Как всякая реальная потребность, потребность "собирать кости" находит себе разные формы удовлетворения. Кто‑то пишет о своих родных прозу или воспоминания, кто‑то восстанавливает (а то и сочиняет) себе дворянскую родословную, кто‑то наводит порядок в семейном альбоме, кто‑то запоем смотрит сериалы (которые часто, по сути, и есть лубочные семейные саги), кто‑то читает страшные и дивные тексты Улицкой или Петрушевской, кто‑то идет в храм помянуть своих покойников... Каждая из нас вольна делать все это и многое другое. А еще мы работаем с этим материалом на группе. И очень часто "входом" в завораживающий лабиринт семейной истории оказывается что‑то очень простое – присказка, пейзаж, вещь или имя. Имена, конечно, обладают собственной магией, без них и поминовение дается с трудом. Как‑то раз во время перерыва на обед я встретила в коридоре нашего института Марину Бородицкую, чьи стихи давно и нежно люблю и с особым удовольствием цитирую в этой книге. "Ты что сегодня делаешь?" – "Американца перевожу, а ты?" – "А у меня семейная история, родовое древо по женской линии". – "Ох, это я бы даже переводить не смогла: я как услышу, что прабабушку звали Марфа Несторовна, сразу плакать начинаю". Уверяю вас, Марина – человек в высшей степени здравый, стойкий и трезвый; просто, как у поэта и переводчика, ее чувствительность к тому, что означает слово, выше среднего. Я же во время работы не плачу, – но только потому, что свое отплакала и отговорила во время собственной работы с семейным древом (нас учили именно так – на себе).
А с вещами в нашей культуре вообще сложились непростые отношения: где‑то у Мандельштама сказано, что как только возобладал материализм, стала исчезать материя. "До основанья, а затем...", одним словом. Вещи женские не стали исключением, разве что их уязвимость перед хаосом и разрушением оказалась еще большей: самые мягкие пошли на бинты и половые тряпки, а самые твердые – "камушки" – были выменяны на муку, мыло, драгоценный пенициллин...
Странные, слишком значимые и оттого какие‑то нескладные отношения с одеждой, "тряпками" – это тоже из сундука:
"Никто и нигде не озабочен так своими нарядами, как мы (раньше, правда, мы больше думали об их отсутствии). [...] Вечерние платья в будни, черное в жару, свитера на светском рауте, преувеличенные каблуки и косметика – почти всегда наша женщина выглядит чуть‑чуть слишком. Уместность наряда редка, как попадание в яблочко у косого мазилы.

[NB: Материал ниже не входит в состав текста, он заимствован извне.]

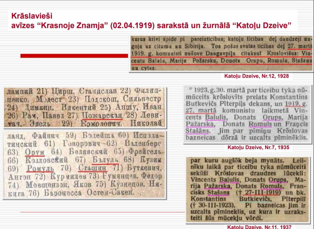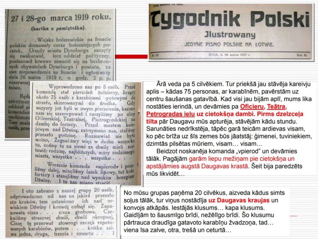 BOLSZEWICY W 1919 ROKU W DYNEBURGU (DŹWIŃSKU) ZAMORDOWALI MOJĄ KREWNĄ – MARIĘ POŻARSKĄ Z KRASŁAWIA. Część 4 W nocy z 27 na 28 marca 1919 r. bolszewicy przeprowadzili w Dzwińsku (Dyneburgu) najbardziej masową egzekucję. Zostali o tym powiadomieni mieszkańcy miasta w gazecie «Krasnoje Znamia”. W artykule poinformowano, że Komisja ds. Utrzymania Porządku w Okręgu Dźwińskim w dniu 30 marca 1919 r . podjęła decyzję o rozstrzelaniu grupy ludzi. Informowano, że w Dźwińsku wykryto organizację „Biała Gwardia”, której celem było zdyskredytowanie i obalenie istniejącej władzy sowieckiej przez zbrojne powstanie. Komisja ds. Utrzymania Porządku, po zbadaniu sprawy, postanowiła rozstrzelać wszystkich członków tej organizacji, co odbyło się w dniu z 27 na 28 marca 1919 r., o godz. 4 rano. Jednocześnie też w gazecie podano listę dywersantów już rozstrzelanych (razem 76 osób), a także dodatkowo zamordowano „za chuligaństwo, rabunek i morderstwo” – 22 osoby. Mordu dokonano w twierdzy dynaburskiej.Rozstrzelano wtedy m.in.1. Baļulis, Vincents 2. Begams Daniils 3. Beļajevs Jakovs 4. Beļavskis Vladimirs 5. Boleišo, Antons 6. Boleišo, Helēna (*1881)7. Butkevičs Antons (*1864)8. Filipjonoks, arī Vešters, Modests9. Gencs Nikolajs10. Glinskis Izidors11. Gofmans Romualds 12. Gorkins Stepans 13. Govorovičs Mihails (*1856)14. Ispolatinskis Orests 15. Jermolajevs Mihails (*1881)16. Jermolovičs Nikolajs 17. Kalita Ivans (187418. Kurmeļovs Timofejs (*1869)19. Kuzņecovs, Ņikita 20. Levitāns Evels21. Mihailovs Lazars 22. Movšensons Jakovs (*1860)23. Ņikitins Vasilijs (*1847)24. Orups, Donots 25. Osten Zakena 26. Peļehovs Mihails27. Popovs Anatolijs28. POŽARSKA MARIJA 29. Romuls, Donāts30. Rumjancevs Fjodors (*1847)31. Stašāns, Francisks 32. Tolstovs Afanasijs (*1859)33. Vasjukovs Aleksejs (*1879)34. Zinkels, Eižens (*1880)Trudno powiedzieć ilu wśród nich było Polaków, gdyż zapewne nikt tego nie badał. Z samego Krasławia rozstrzelano razem – 5 osób, w tym moja krewną Marię Pożarską. Niestety, po dzień dzisiejszy w Dyneburgu nie ma o tej zbrodni żadnego upamiętnienia! Chyba, że się mylę. Łotysze w przeciwieństwie do Polaków, nie dbają o takie sprawy!

В общем, мы – простые ребята. Денег на одежду тратим немеряно, выглядим совсем не так, как хотим показать, встречных‑поперечных уличаем в обмане, сами, как говорили в школе, "врем всем своим видом", бодро живем интенсивной вещевой жизнью. И будем продолжать жить. До стабилизации или полного краха, что для нас примерно одно и то же. При богатстве и достатке, спокойном завтрашнем дне деньги начнут тратить на совсем другие, серьезные и основательные проекты. А начнись опять разруха и хаос, снова примемся шить штаны из занавесок и бороться с молью"[29].
Казалось бы, такой легкий, ироничный текст, да еще на тему, которая официально много лет считалась "не нашей" – было даже такое слово "вещизм". Неофициально же, как всем нам известно, озабоченность по поводу вещей и в особенности одежды просто зашкаливала – и было отчего. И вот в этом‑то легком тексте, как стекляшка в буханке черного, вдруг скрип‑хрусть: "а начнись опять разруха и хаос". Да. Вот оно, пойманное, как та моль: нет и не было безопасности, все наши усилия устроить хорошую жизнь – это слабенькая, хотя и постоянная попытка отгородиться от хаоса. Старая вещь это знает. Вещь напоминает, что был дом, стол, свет, семья, – и о том, как все это непрочно, а иногда – и о том, как случилось то, что случилось.
"Бабушка моей знакомой, будучи в молодости женой высокопоставленного то ли красноармейца, то ли чекиста, любила красивые вещи и приобретала их по возможности. Времена были тяжелые. Мужа ее вскорости арестовали и расстреляли как врага народа, а ее отправили в лагеря. Красивые вещи, как выяснилось из достоверных источников, оказались в известном ей доме высокопоставленного партийца, избежавшего участи ее мужа.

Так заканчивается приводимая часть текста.